Significance. If the claims hold, the work supplies a mechanistic account of why supervised training can fail to discover useful attention patterns while a self-supervised objective succeeds, even without external data. The replication, ablations, and simplified theoretical analysis are explicit strengths that could inform initialization strategies and training curricula for attention-based models on long sequences.

major comments (2)
  1. [Simplified theoretical setup] The simplified theoretical setup demonstrates local blindness of label supervision to certain attention directions, but the manuscript does not show that this blindness persists once the model is placed in the full non-convex loss landscape with multiple layers, heads, and the AdamW + cross-entropy dynamics used in the LRA experiments. If informative gradients from labels appear only after proximity-biased attention has already formed, the local-blindness result may be an artifact of the linearised or single-layer analysis rather than a property of the training procedure studied.
  2. [Ablations and minimal setup] The ablations attribute SPT gains primarily to learning proximity interactions, yet the minimal setup does not fully isolate this factor from confounding optimization or generalization effects that appear in the complete multi-head attention model. A direct comparison of gradient norms or attention-score trajectories with and without SPT after the first few epochs would strengthen the causal link.
minor comments (2)
  1. [Notation and setup] Notation for attention scores and positional encodings could be introduced earlier and used consistently across the theoretical and experimental sections to improve readability.
  2. [Abstract] The abstract states the central findings but does not mention the specific LRA tasks or model sizes used in the replication; adding one sentence would help readers assess scope.
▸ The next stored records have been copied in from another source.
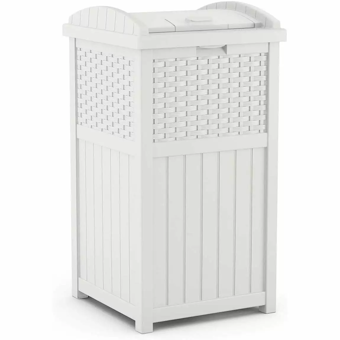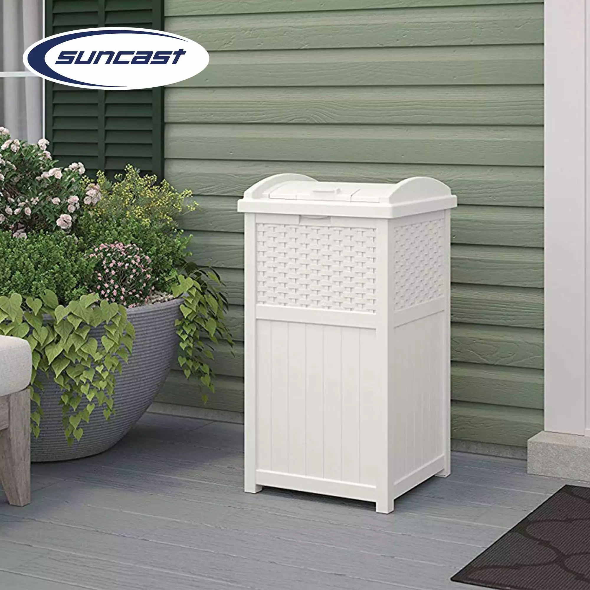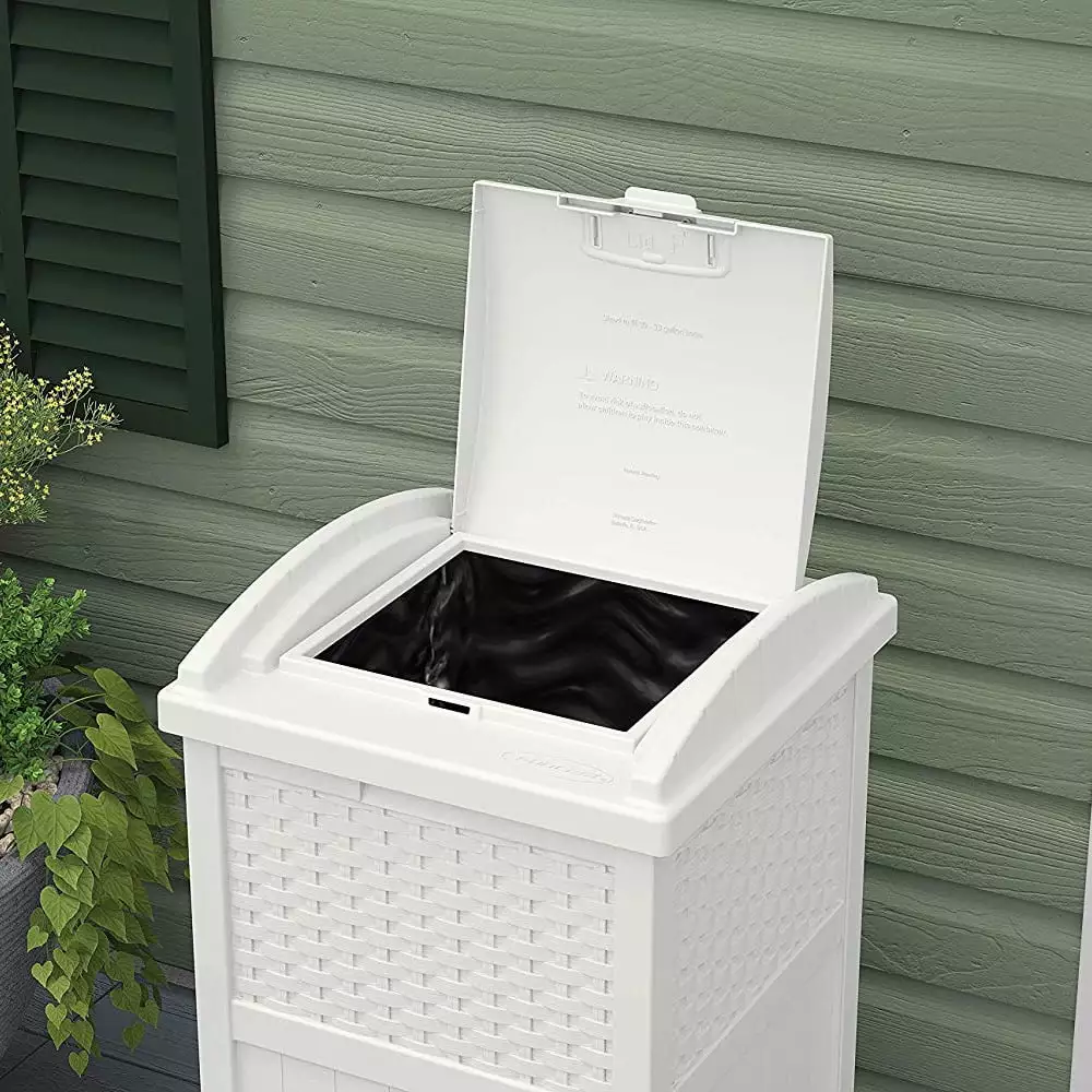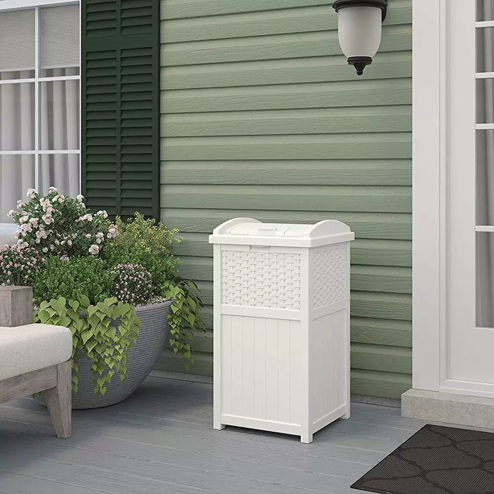 Don’t ruin the appearance of your front lawn or backyard with a messy. unsightly garbage can. Instead. opt for a practical and stylish approach to keeping your trash in one place with the Suncast Wicker Plastic Outdoor Hideaway Trash Can with Latching Lid. This garbage can with lid can also be used as a trash can. recycling bin or for storing your outdoor essentials. making it a versatile addition and solution for your home. Constructed of durable plastic for a strong and stay-dry exterior. this hideaway trash bin can hold between 30-33 gallon trash bags. It features a stylish wicker design that’s not only practical but looks good too. The sturdy base won’t tip over easily during storms or during periods of high wind. while the plastic material helps keep the can dry all year long. Designed with a latching lid. the Suncast Hideaway Bin is a practical and aesthetically pleasing addition to any kitchen. bathroom. or outdoor space. The latching lid ensures that your waste is kept out of sight. helping to maintain the cleanliness and order of your space. With its durable construction and sleek design. the Suncast Hideaway Bin is a reliable and stylish solution for your waste management needs. Keep your outdoor space free from any clutter and place your trash in a singular location with this hideaway trash can from Suncast.
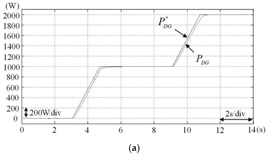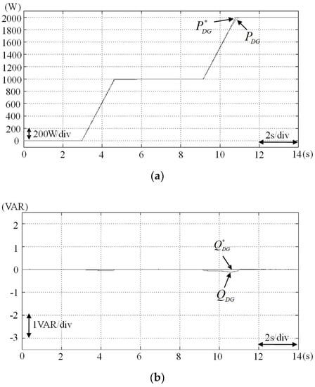 First, the experimental results of the inverter-based DG system using the PI controllers for the tracking control of the active power and reactive power outputs are provided to demonstrate the tracking performance of the system with the injected perturbation signal idist. In this study, the gains of the PI controllers are obtained by trial and error in order to achieve good transient and steady-state control performance. The resulted gains are kP = 2 and kI = 0.5, respectively. The experimental result of the inverter-based DG system using the PI controllers for active power command from 0 kW to 1 kW, 1 kW to 2 kW and reactive power command set to be 0 Var is provided in Figure 6. The responses of the active power output and active power command and the reactive power output and reactive power command are shown in Figure 6a,b, respectively. From the experimental result, the steady- state responses of the active power output at 1 kW and 2 kW can achieve the tracking effectiveness as shown in Figure 6a. However, for the transient responses, since the traditional PI controllers are not robust in coping with the system uncertainties such as parameter variations and external disturbances, the transient responses of the active power output from 0 kW to 1 kW and 1 kW to 2 kW are poor. Moreover, the transient response of the reactive power output will also be seriously affected as shown in Figure 6b.
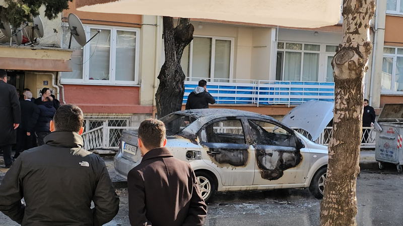 Polis ekipleri çevrede güvenlik önlemi alırken, itfaiye ekipleri de otomobildeki yangını söndürdü.
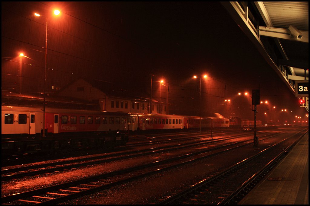 Das Bild wurde im Original in der Dämmerung am Abend aufgenommen. Hier ist nun für bahnbild die aufgehellte Version, welche den Zug nun zwar hell zeigt, allerdings damit auch ohne die originale Abendstimmung. 14.04.09
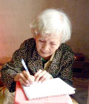 Bà Hồ Trường Kim Chi ký nhận tiền của bạn đọc gởi ủng hộ.
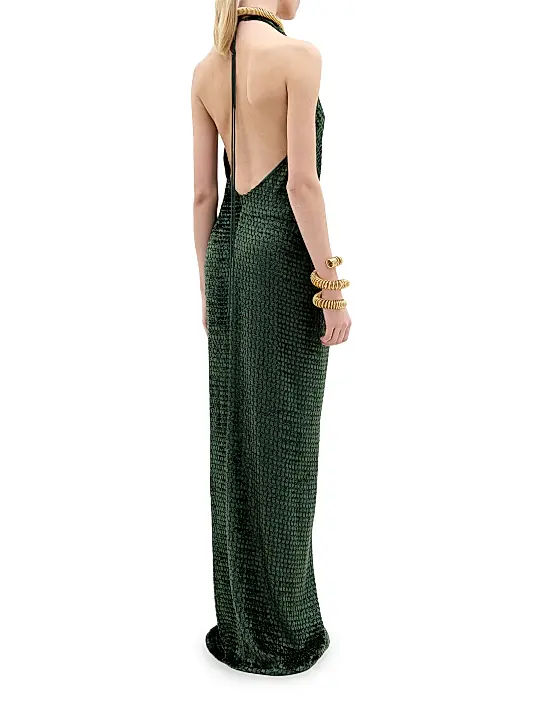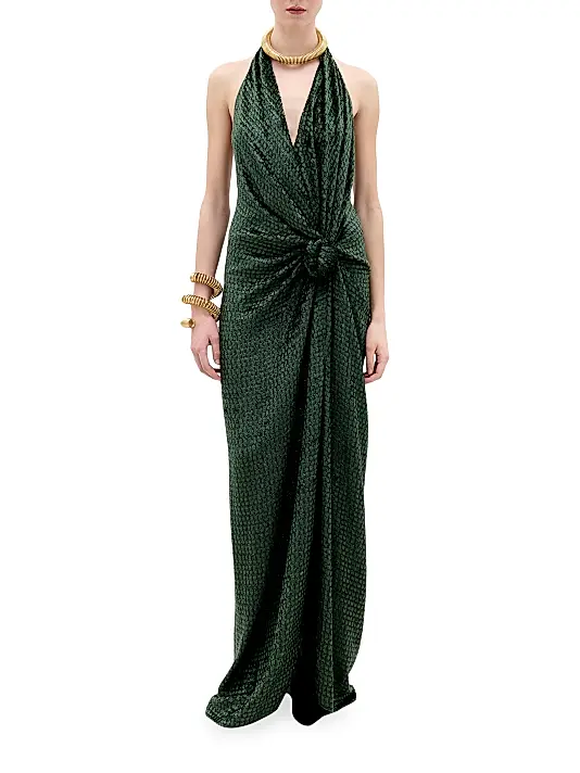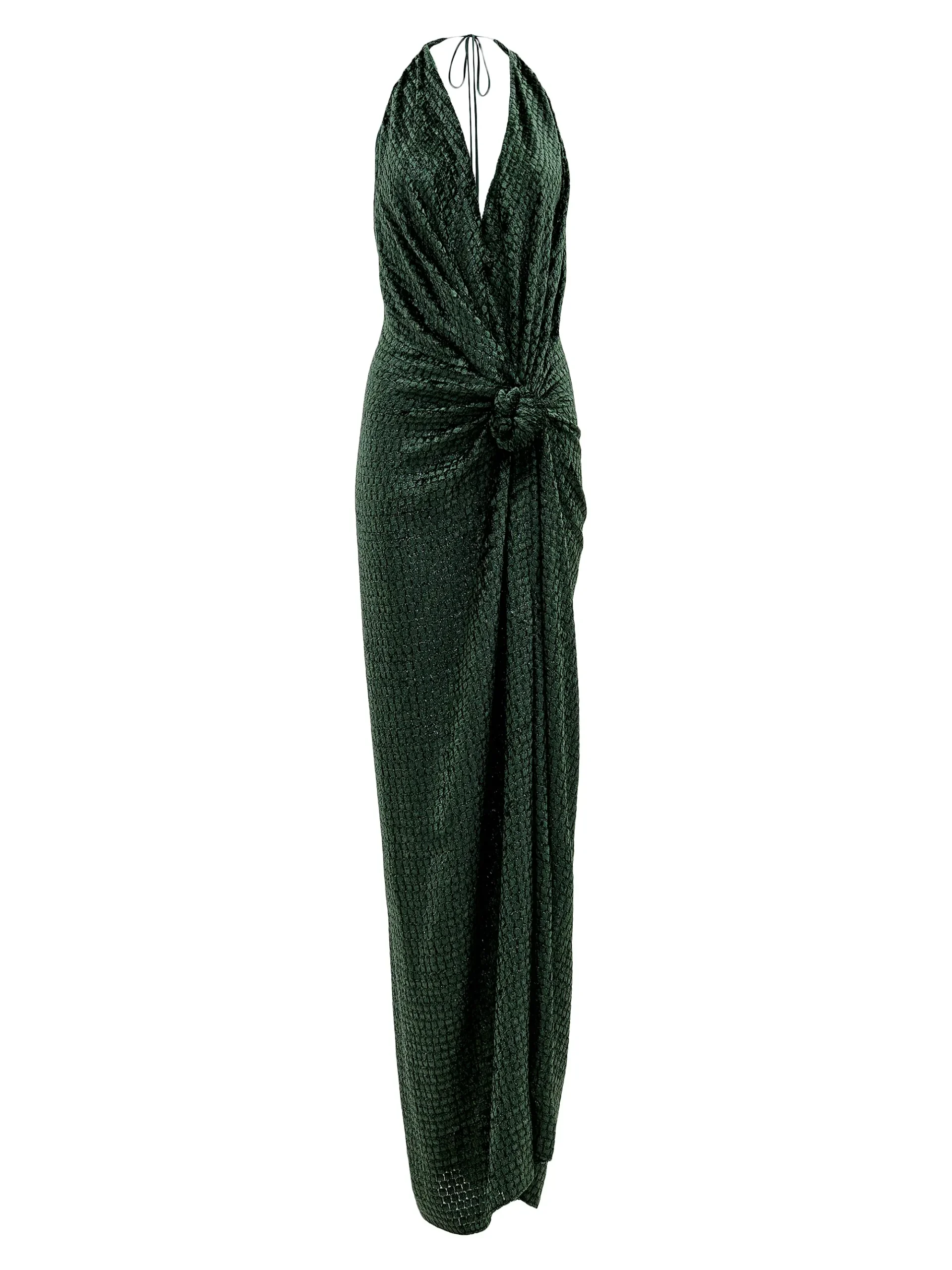Step into the spotlight with the Emerald Knot Halter Gown, a dress that perfectly blends sophisticated design with striking texture. This stunning maxi gown is rendered in a deep, rich forest green, giving it an immediately luxurious and elegant feel.
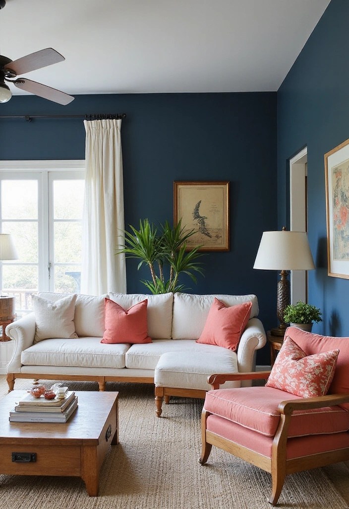 Deep navy walls can provide a dramatic backdrop, while coral accents in artwork or cushions bring warmth and brightness.
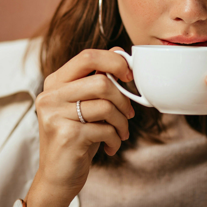 Handcrafted in 14k white gold featuring 1 total carat weight (TW) of lab-grown diamonds in a semi-eternity setting.
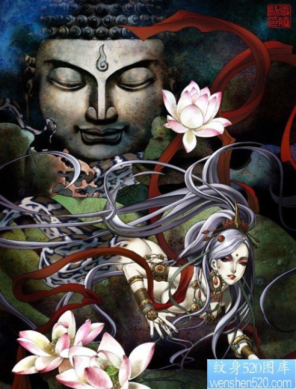 一款适合纹满背的佛纹身图案_宗教纹身图案大全_纹身图吧
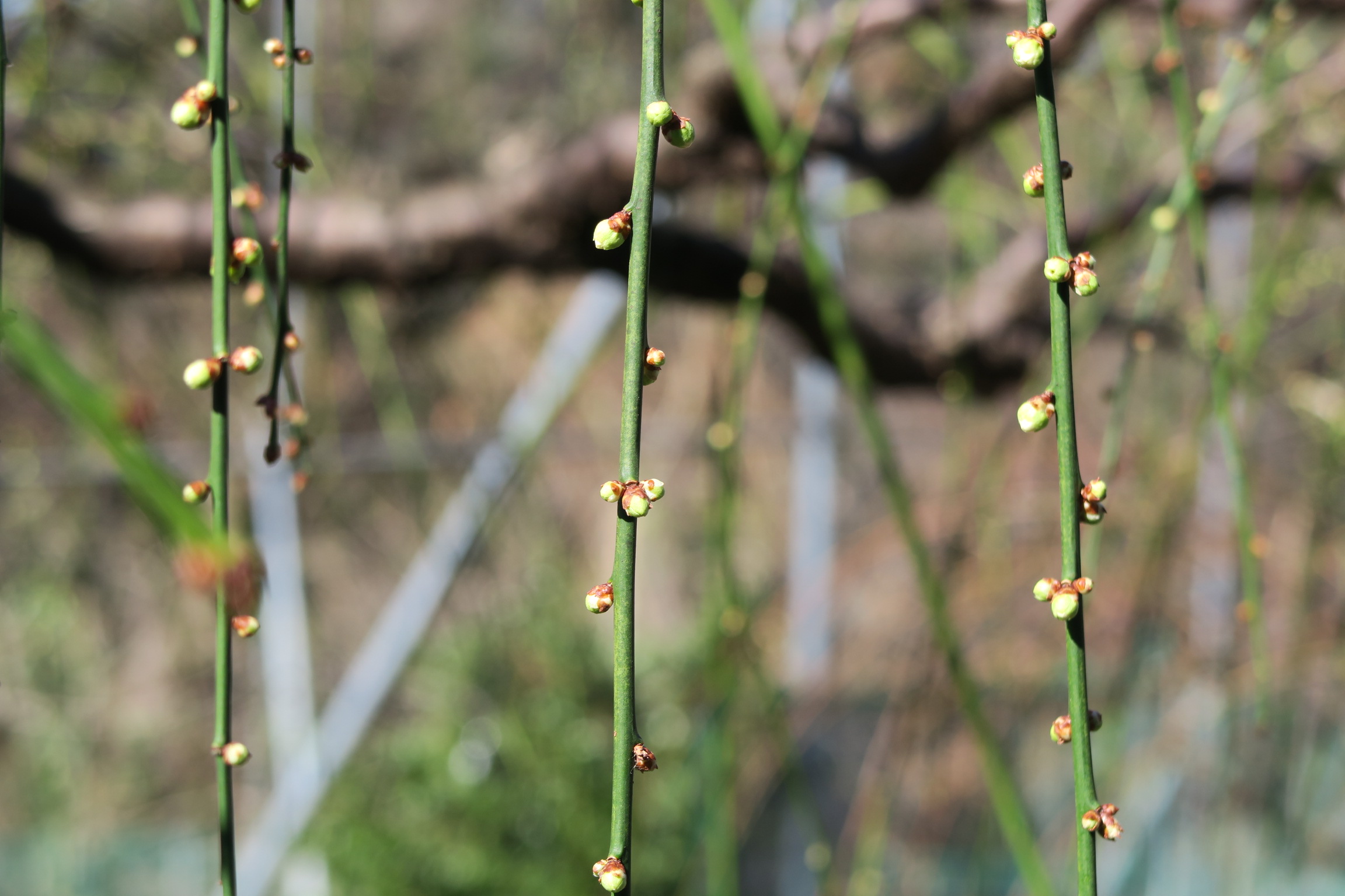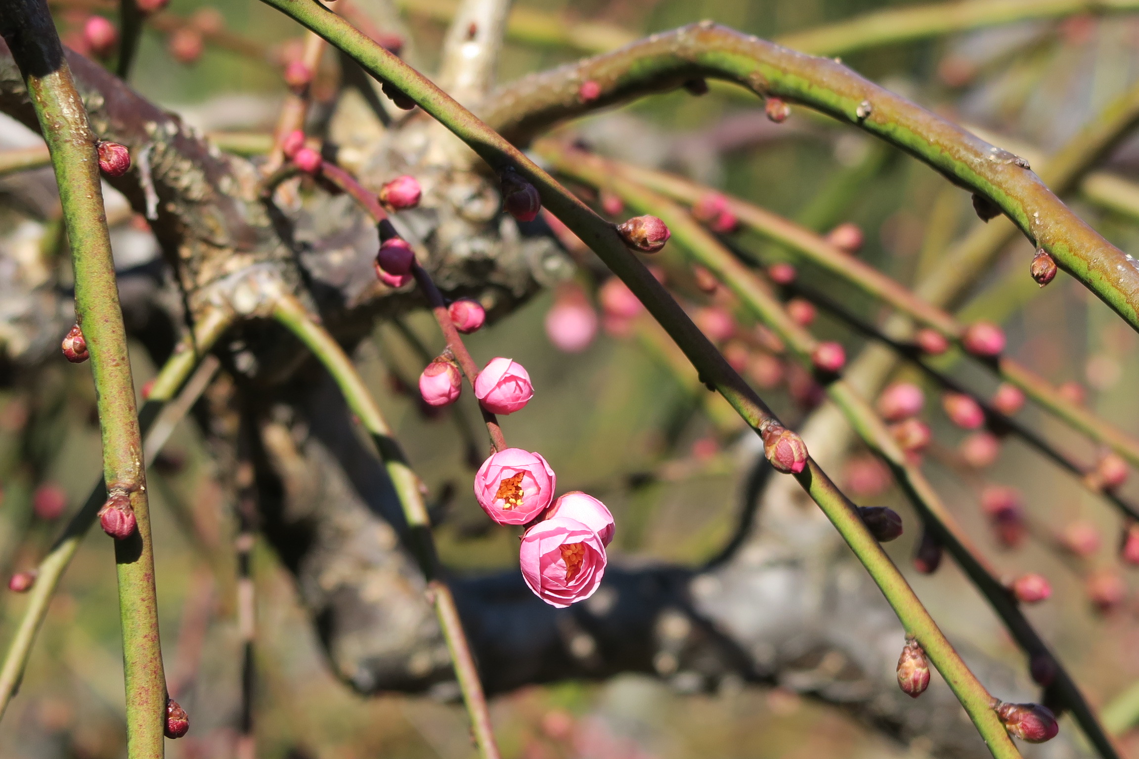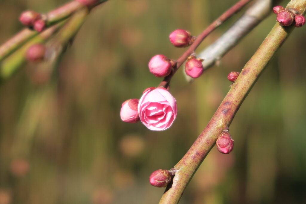 節分の日に噴水広場西側園路沿いのピンクのしだれ梅が咲き始めました。
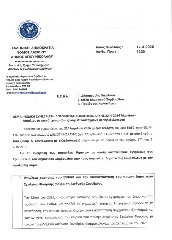 Ειδική Συνεδρίαση Λογοδοσίας Δημοτικής Αρχής. Τετάρτη 22-04-2026 και ώρα 15:30
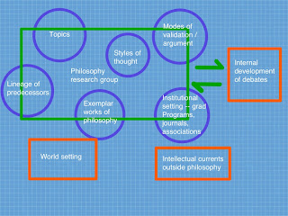 The diagram is intended to be a way of visualizing a philosophy research tradition at a moment in time. The unit of production, the philosophy research group, is steeped in a conventional specification of the important topics; it is skilled in a specific set of modes of argument; it holds out a set of exemplary philosophical works from the history of the discipline as currently understood; it operates in a space that may include other research groups pursuing different topics and methods; and it functions within a set of institutions -- graduate programs, journals, tenure processes, associations, prizes -- that train, valorize, and rank various individuals and their products. Each aspect of these "internal" features is amenable to concrete historical and sociological investigation; we can seek to trace out the institutions, discover the order and rationale of the topics, etc.
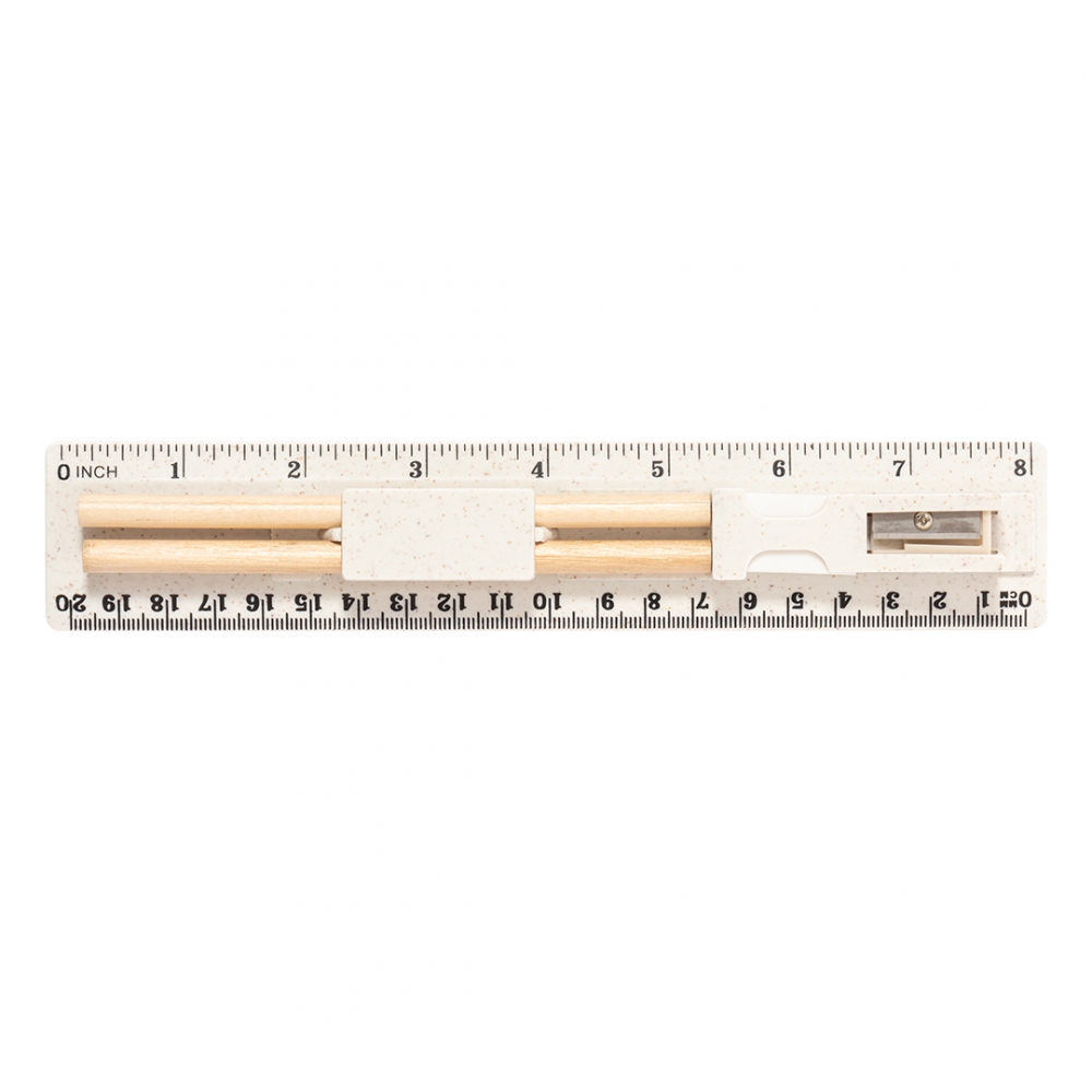 Artikel-Nr: KTO203800130005-teiliges Set aus Weizenstroh. Inklusive 2 Holzstifte mit schwarzer Mine und weißem zylindrischen Körper; Radiergummi, und Spitzer. Präsentiert in einem Etui mit Lineal von 20 cm/8 Zoll, mit Fächern für die verschiedenen Elemente des Sets. Einzeln verpackt in einer weißen Papiertüte. Weizenstroh fördert die Verwendung von natürlichen Rohstoffen und reduziert so den Schadstoffausstoß.

Simulated Author's Rebuttal

2 responses · 0 unresolved

We thank the referee for the insightful comments, which help clarify the scope of our contributions. We address each major comment below with clarifications and indicate where revisions will be made.

read point-by-point responses
  1. Referee: [Simplified theoretical setup] The simplified theoretical setup demonstrates local blindness of label supervision to certain attention directions, but the manuscript does not show that this blindness persists once the model is placed in the full non-convex loss landscape with multiple layers, heads, and the AdamW + cross-entropy dynamics used in the LRA experiments. If informative gradients from labels appear only after proximity-biased attention has already formed, the local-blindness result may be an artifact of the linearised or single-layer analysis rather than a property of the training procedure studied.

    Authors: We agree that the theoretical analysis is intentionally simplified to a linearized single-layer setting to analytically isolate the local blindness of the supervised loss to certain attention-score directions. This does not constitute a direct simulation of the full non-convex, multi-layer, multi-head dynamics under AdamW. However, the result is presented as a mechanistic illustration of why label supervision may fail to discover proximity-biased patterns from random initialization, which is consistent with the empirical ablations on the full LRA models. We will revise the manuscript to add an explicit limitations paragraph discussing the gap between the simplified analysis and the full training procedure, while emphasizing that the theoretical finding motivates the observed empirical benefits of SPT. revision: partial

  2. Referee: [Ablations and minimal setup] The ablations attribute SPT gains primarily to learning proximity interactions, yet the minimal setup does not fully isolate this factor from confounding optimization or generalization effects that appear in the complete multi-head attention model. A direct comparison of gradient norms or attention-score trajectories with and without SPT after the first few epochs would strengthen the causal link.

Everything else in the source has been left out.